Council Post: Building A Business Culture That Prioritizes Philanthropy
Desiree Perez is a co-founder and CEO of Roc Nation, a full-service entertainment company founded in 2008 with Jay-Z.
The last several years have seen a groundswell of activism, an increase in social justice discussions, growing awareness for issues related to diversity and inclusion, and highly publicized cases of injustice.
For corporations, this mainstream public awareness has thrust forward the importance of philanthropy and humanitarianism. Yet for many businesses, this area of work is new, their responses seen as reactionary and genuine, long-term commitment to change is still to be seen.
At my company, Roc Nation, we have always focused on creating a corporate culture where philanthropy and the support of social justice initiatives are woven into the fabric of our business. From our very beginnings to our work today, we have always believed that creating a work environment that supports these important causes, and puts financial resources towards them, is the only way to enact societal change and lead responsibly.
1. Attract employees with similar values.
Here’s a look at three ways to build a business culture of philanthropy and humanitarianism.
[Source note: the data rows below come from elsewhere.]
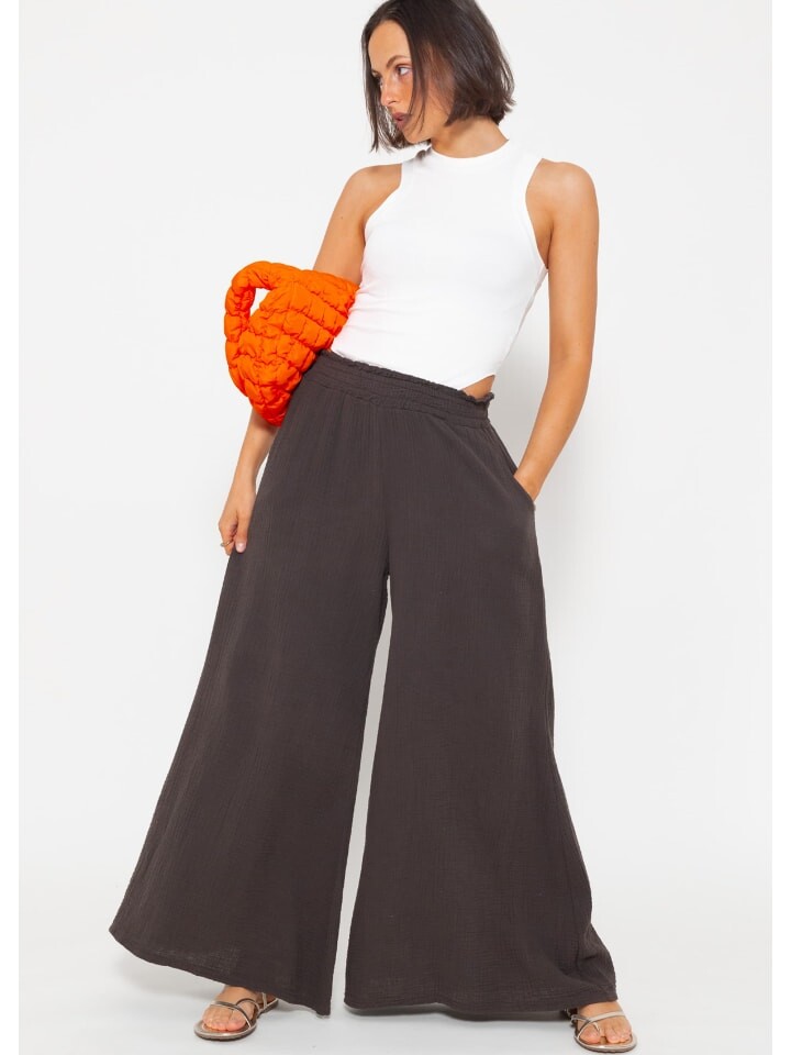 Широкие муслиновые брюки светло-бежевого цвета. Очень широкая штанина и свободный крой обеспечивают невероятную свободу движений и создают стильный и удобный образ. Высокий пояс с резинкой обеспечивает оптимальную посадку. Модель имеет скошенные боковые карманы, которые придают брюкам прохладный вид, а длинные струящиеся штанины добавляют элегантности. Практичная модель без шнуровки изготовлена в Италии из муслинового хлопка и поэтому создает воздушный дизайн. К этим брюкам мы рекомендуем приталенный базовый укороченный топ или универсальный топ, а также муслиновую блузку такой же структуры.
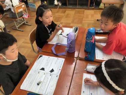 まずは今月の目標について振り返りました。できたところを認め合い、課題は2学期につなげていきます。
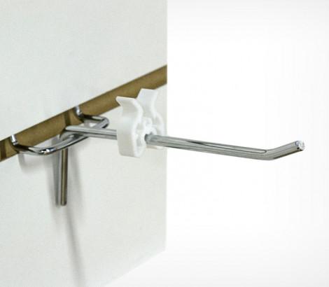 Ограничитель товара предназначен для фиксации товара  на крючках  при транспортировке дисплея, а также для ограничения рабочей длины крючка. Подходит для двойных и одинарных крючков. Стандартный  цвет - белый.
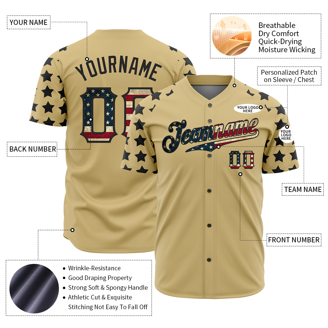 Custom Gold National USA Flag Two Tone Shirts Authentic Vintage Baseball Jersey
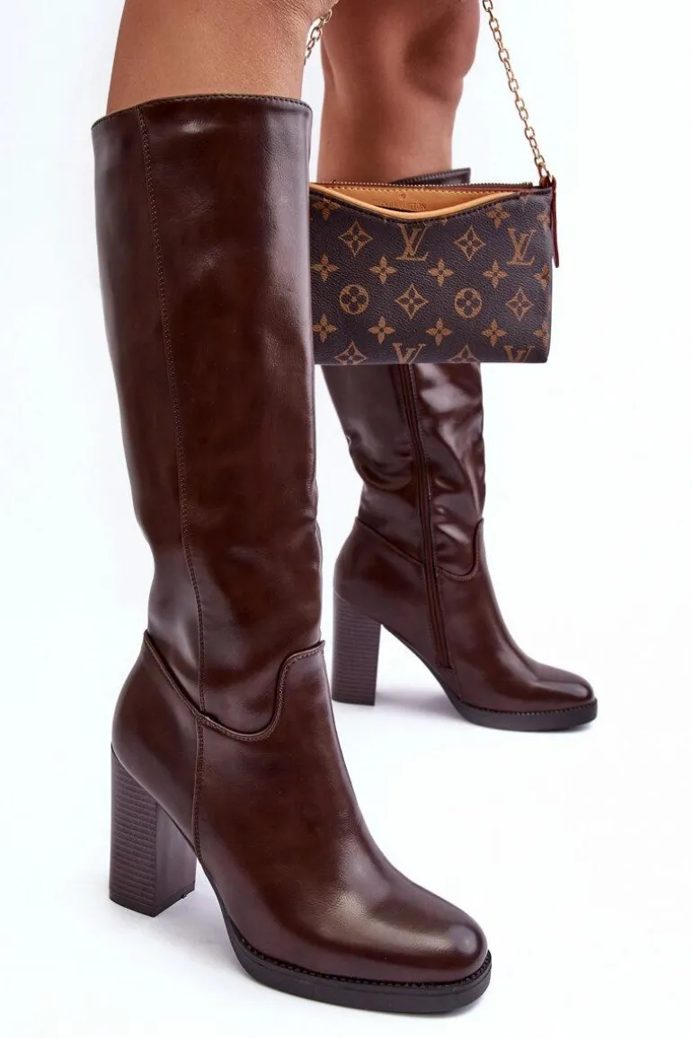 Eleganckie kozaki damskie z cholewką przed kolano. Wykonane z eko skóry. Osadzone na obcasie w postaci słupka. Zapinane na suwak po wewnętrznej stronie cholewki. Środek ocieplony kocem obuwniczym. Zapiętek w tym obuwiu jest usztywniony. Wykorzystasz je w wielu stylizacjach! Przy wyborze rozmiaru prosimy sugerować się tabelą rozmiarów.
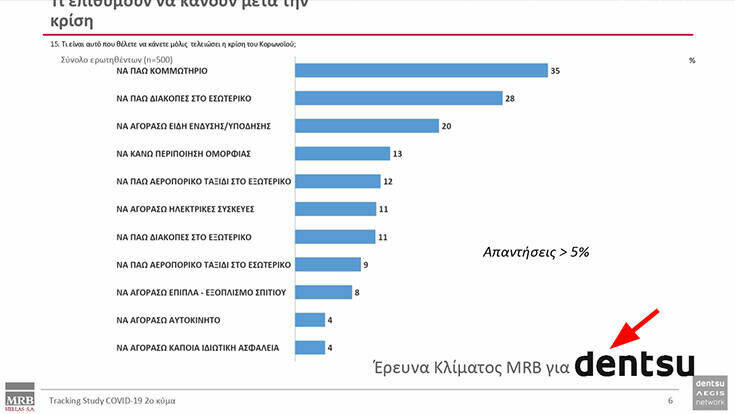 Στην έρευνα που έγινε για το κεντρικό δελτίο ειδήσεων του καναλιού, υψηλούς βαθμούς παίρνουν ο επικεφαλής λοιμωξιολόγος, εκπρόσωπος του υπουργείου Υγείας, Σωτήρης Τσιόδρας και ο υφυπουργός Πολιτικής Προστασίας Νίκος Χαρδαλιάς, ενώ σε μεγάλο απωθημένο των πολιτών αναδεικνύεται το κομμωτήριο, το οποίο εμφανίζεται πρώτο στη λίστα των πραγμάτων που θέλουν να κάνουν οι πολίτες μόλις αρθεί το lockdown και ο περιορισμός της κυκλοφορίας ως μέτρο πρόληψης για την διασπορά του ιού. Ακολουθεί το «να πάω διακοπές στο εσωτερικό», τα ψώνια και οι διακοπές.
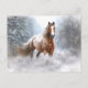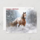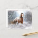 En majestätisk häst som står i snö mot en charmerande landskapsbakgrund skapar ett perfekt sätt att skicka säsongens hälsningar till helgdag.

When companies make humanitarianism a core value, they can attract like-minded people who help further that mission organically. This can lead to more success overall. Attracting the right people is key to building the most productive company culture. One way to ensure you attract the right employees is to ask the right questions during the interview process. Asking prospective employees about what kind of work they are passionate about, what they do in their personal lives with regard to philanthropy and community volunteering and how they feel about the company’s work in those spaces can help narrow the applicant pool to those with shared values.
Creating and maintaining a company culture centered on philanthropy is ultimately a team effort. We value employee input and engage the company as we venture into new projects, asking employees how they feel about certain causes or volunteer activities and then encouraging participation. For example, my company formalized our commitment to our values by creating a philanthropy division that seeks out cases of injustice, provides pro bono legal services and develops media campaigns. We also engage our roster of talent to amplify voices and stories.
2. Build a community invested in your business’ mission.
Whether formal or informal, that commitment has helped attract extraordinary talent. I am proud of the commitment and support our employees have for humanitarian causes, for lending new perspectives and voices to that work, and for seeing it as a crucial part of their day-to-day work. It has become an ingrained part of our corporate culture and helps us attract and retain talented people for whom our mission runs deep.
With philanthropy a core part of business culture, companies can build a strong community of clients and customers who are invested in the success of the company and brand beyond just the products or services offered. When a company is seen as socially responsible, I’ve found it can attract long-term customer and client loyalty. Aim to partner with organizations that are similarly committed to humanitarian work and community activism.
3. Create tangible change.
Scaling philanthropic work can be challenging. However, shared expertise can be helpful as you pursue this important work. To build a strong sense of community around your company’s shared mission, it’s important to engage with staff. Ask employees to provide input and participate in projects and initiatives, and engage with those helped by the work. When considering community partners to work with, look for evidence of their participation in the work. To scale philanthropic initiatives, find what works, and once that formula is established it will be easier to seamlessly replicate.
This work cannot be a one-and-done effort. It needs to lead to sustainable, transformative and actionable impact. For instance, my company works to create lasting change with a newly formed non-profit and a national database project for causes we support.
Creating lasting change and impact is possible, but it requires effort and a willingness to invest in the work. Develop a team with shared values, ask for staff feedback and input along the way and foster a company culture with humanitarianism at its core. Business leaders can create initiatives, programs, think tanks and action items that support their philanthropic aspirations and projects when they have the right people at the helm.
I believe deeply that our commitment to philanthropy and humanitarianism at my company is one of the drivers of our success and that it can be a driver of success to all companies that redirect efforts to these values.